Uruguay Pachequism, 1967-72
Given the growing economic and social crisis, it was
not
surprising that the Colorado Party won the November 1966
elections. In March 1967, General Oscar Gestido (1967), a
retired
army general who had earned a reputation as an able and
honest
administrator when he ran the State Railways
Administration,
became president. He was supported by the Colorado and
Batllist
Union (Unión Colorada y Batllista--UCB), comprising List
14 and
other conservative Colorados.
Between June and November of 1967, the government, with
the
influence of some Batllists, attempted to reverse economic
and
social policies implemented since 1959 and to return to
the old
developmentalist model. But in November, César Charlone,
responsible for economic policies under Terra, became head
of the
Ministry of Economy and Finance. He agreed to the IMF's
suggestions, again establishing a unified exchange market
and
drastically devaluing the currency. Inflation exceeded 100
percent in 1967, the highest in the country's history.
In December President Gestido died and was succeeded by
his
vice president, Jorge Pacheco Areco (1967-72). A
little-known
politician and former director of the newspaper El
Día,
Pacheco would leave an indelible mark on Uruguay. Within
one week
of taking office, Pacheco issued a decree banning the PSU
and
other leftist groups and their press, which he accused of
subverting the constitutional order and advocating armed
struggle. To implement the new monetarist policy adopted
in 1968,
Pacheco appointed Alejandro Végh Villegas as director of
the
Office of Planning and Budget. In a sharp policy change,
Pacheco
decreed a wage and price freeze in June 1968 to try to
control
inflation. He also created the Productivity, Prices, and
Income
Commission (Comisión de Productividad, Precios, e
Ingresos--
Coprin) to control the price of basic food items. In 1968
real
wages were the lowest in the decade, and inflation reached
a
maximum annual rate of 183 percent that June.
The newly created umbrella labor organization, the CNT,
resisted these economic policies, and student and other
social
conflict intensified. The government responded by
repressing
strikes, work stoppages, and student demonstrations. The
death of
a student, Líber Arce, during a protest paralyzed
Montevideo, and
relations between the University of the Republic and the
government further deteriorated. The prompt security
measures, a
limited form of a state of siege, which had been included
in the
constitution to deal with extraordinary disturbances of
domestic
order and applied in 1952 and 1965, were enforced during
almost
all of Pacheco's time in office.
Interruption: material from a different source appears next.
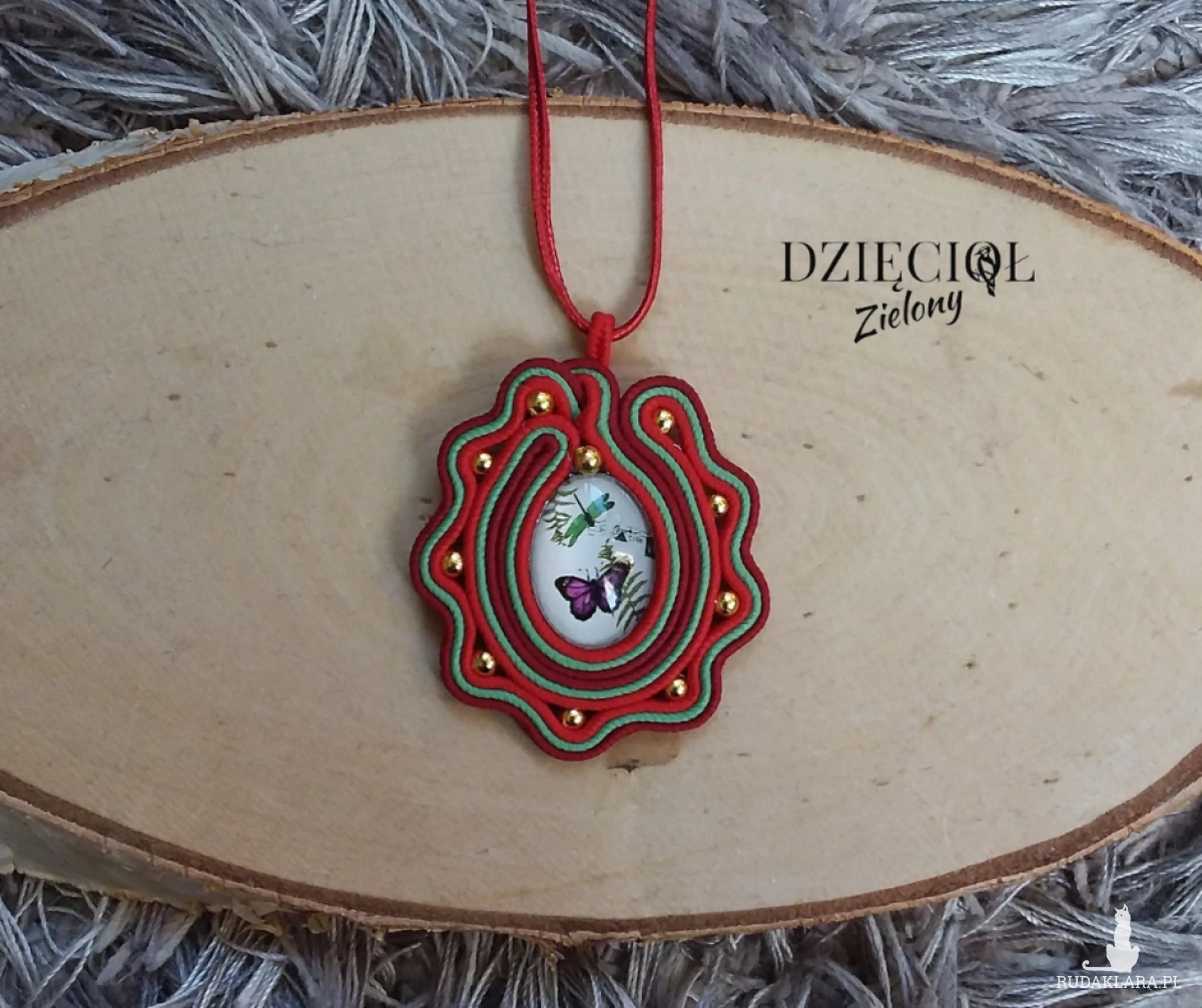 Ręcznie szyty wisiorek wykonany w technice sutasz

He justified his actions,
which
included drafting striking bank and government employees
to
active military service, on the basis of the growing urban
guerrilla threat from the Tupamaros.
During this period, the Tupamaros had grown in
strength, and
their actions--robberies, denunciations, kidnappings, and,
eventually, killings--shook the country and became known
worldwide. The General Assembly acquiesced twice in the
suspension of all civil liberties, once for twenty days
following
the assassination in August 1970 of Dan A. Mitrione, a
United
States security official, and then for forty days
following the
kidnapping of British ambassador Geoffrey Jackson in
January
1971--both by the Tupamaros. On September 9, 1971, after
the
escape from prison of more than 100 Tupamaros, Pacheco put
the
army in charge of all counterguerrilla activity.
The November 1971 national elections were held in a
relatively quiet atmosphere because of a truce declared by
the
Tupamaros. Uruguayan society had become polarized.
Political
sectors supporting Pacheco promoted his reelection to a
new
presidential term, as well as the corresponding
constitutional
amendment to legitimize it. The left was able to unite and
draw
supporters from traditional parties, such as the Colorado
Party's
List 99. The new coalition was named the Broad Front
(Frente
Amplio). In the National Party, a faction of Herrerists
chose
General Mario Aguerrondo, considered a hard-liner, as its
presidential candidate. Liberal Blancos supported the
reformist
program of a new movement, For the Fatherland (Por la
Patria--
PLP), led by Senator Wilson Ferreira Aldunate.
The constitutional amendment did not succeed, but
Pacheco's
handpicked successor, Juan María Bordaberry Arocena of the
Colorado Party, won the controversial elections by some
10,000
votes, after a mysterious halt in the vote count. It was
noteworthy, however, that Ferreira obtained a large number
of
votes (he was actually the candidate receiving the most
votes--26
percent of the total to Bordaberry's 24 percent), and the
left
increased its following, receiving about 18 percent of the
votes.
Bipartisan politics had come to an end, replaced by a
multiparty
system bitterly divided by political, social, economic,
and
ideological differences. In economic terms, the
stabilization
measures taken between 1969 and 1971 by the Pacheco
administration to increase wages and reduce inflation had
been
moderately successful. But by 1972, the situation was out
of
control again. Another free market, monetarist experiment
would
have to await the imposition of an authoritarian regime.